**What needs to be done**
Beginning with the line that holds "Gefallener 2. Weltkrieg;", write out each line exactly as it stands until the end of the data, and include no pictures.

**Dataset entries**
-*-*-

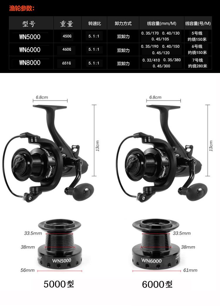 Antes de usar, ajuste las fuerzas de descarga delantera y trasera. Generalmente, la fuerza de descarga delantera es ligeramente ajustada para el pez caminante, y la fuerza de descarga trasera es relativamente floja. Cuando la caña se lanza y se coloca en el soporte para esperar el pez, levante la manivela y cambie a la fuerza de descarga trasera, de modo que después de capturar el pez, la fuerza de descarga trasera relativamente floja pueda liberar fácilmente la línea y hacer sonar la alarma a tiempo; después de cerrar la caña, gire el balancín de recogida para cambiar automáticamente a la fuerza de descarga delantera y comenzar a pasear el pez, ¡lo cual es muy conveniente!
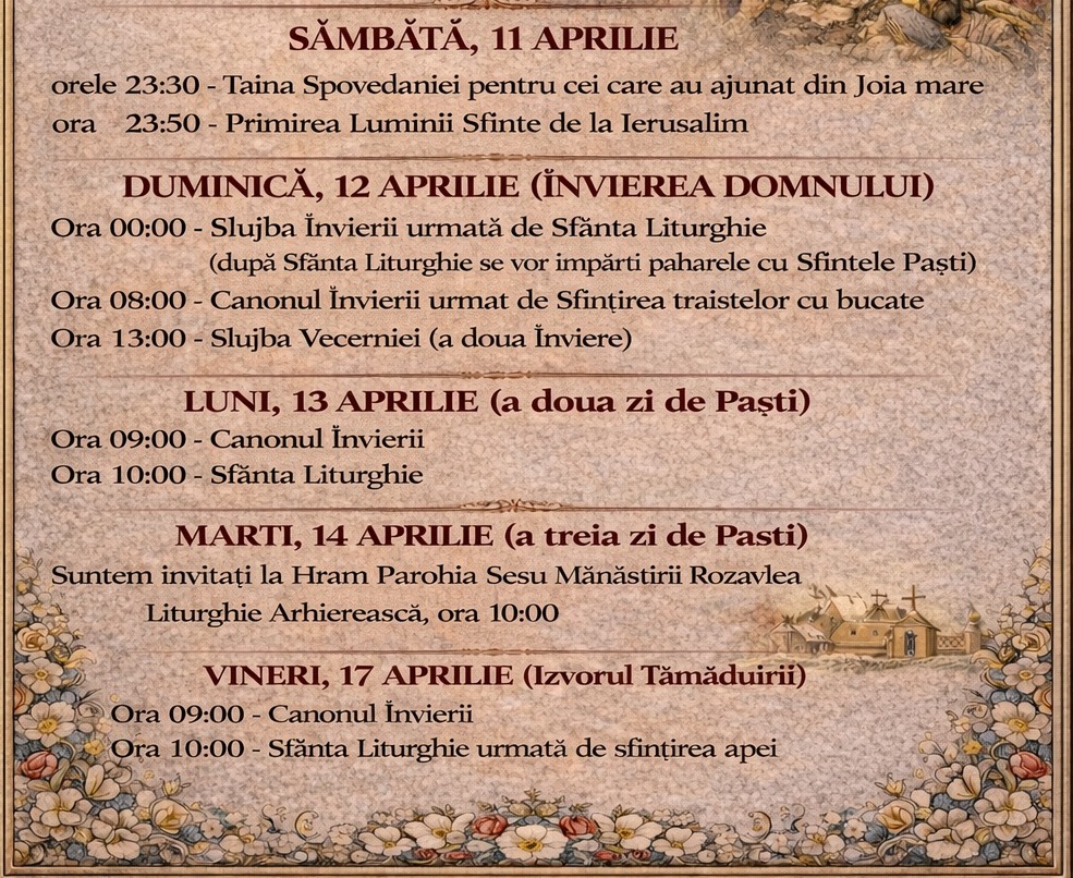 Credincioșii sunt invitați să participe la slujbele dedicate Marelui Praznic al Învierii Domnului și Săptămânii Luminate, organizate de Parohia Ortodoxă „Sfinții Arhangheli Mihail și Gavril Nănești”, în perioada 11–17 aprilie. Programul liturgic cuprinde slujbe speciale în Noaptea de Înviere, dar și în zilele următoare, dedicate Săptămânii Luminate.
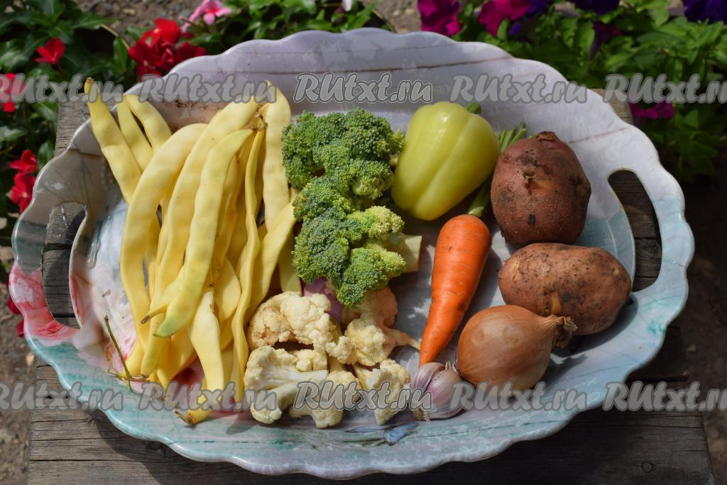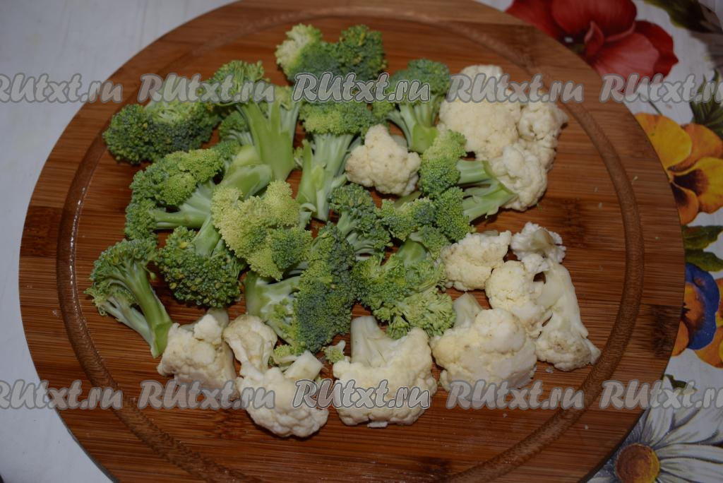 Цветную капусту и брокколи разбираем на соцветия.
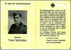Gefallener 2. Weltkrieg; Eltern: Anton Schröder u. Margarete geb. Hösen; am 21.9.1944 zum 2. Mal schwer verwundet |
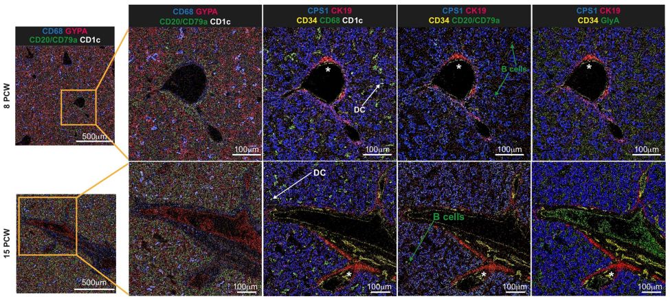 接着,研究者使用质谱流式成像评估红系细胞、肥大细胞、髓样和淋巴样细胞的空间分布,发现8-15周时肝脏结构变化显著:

-*-*-

**Written response**
Gefallener 2. Weltkrieg; Eltern: Anton Schröder u. Margarete geb. Hösen; am 21.9.1944 zum 2. Mal schwer verwundet |
 接着,研究者使用质谱流式成像评估红系细胞、肥大细胞、髓样和淋巴样细胞的空间分布,发现8-15周时肝脏结构变化显著:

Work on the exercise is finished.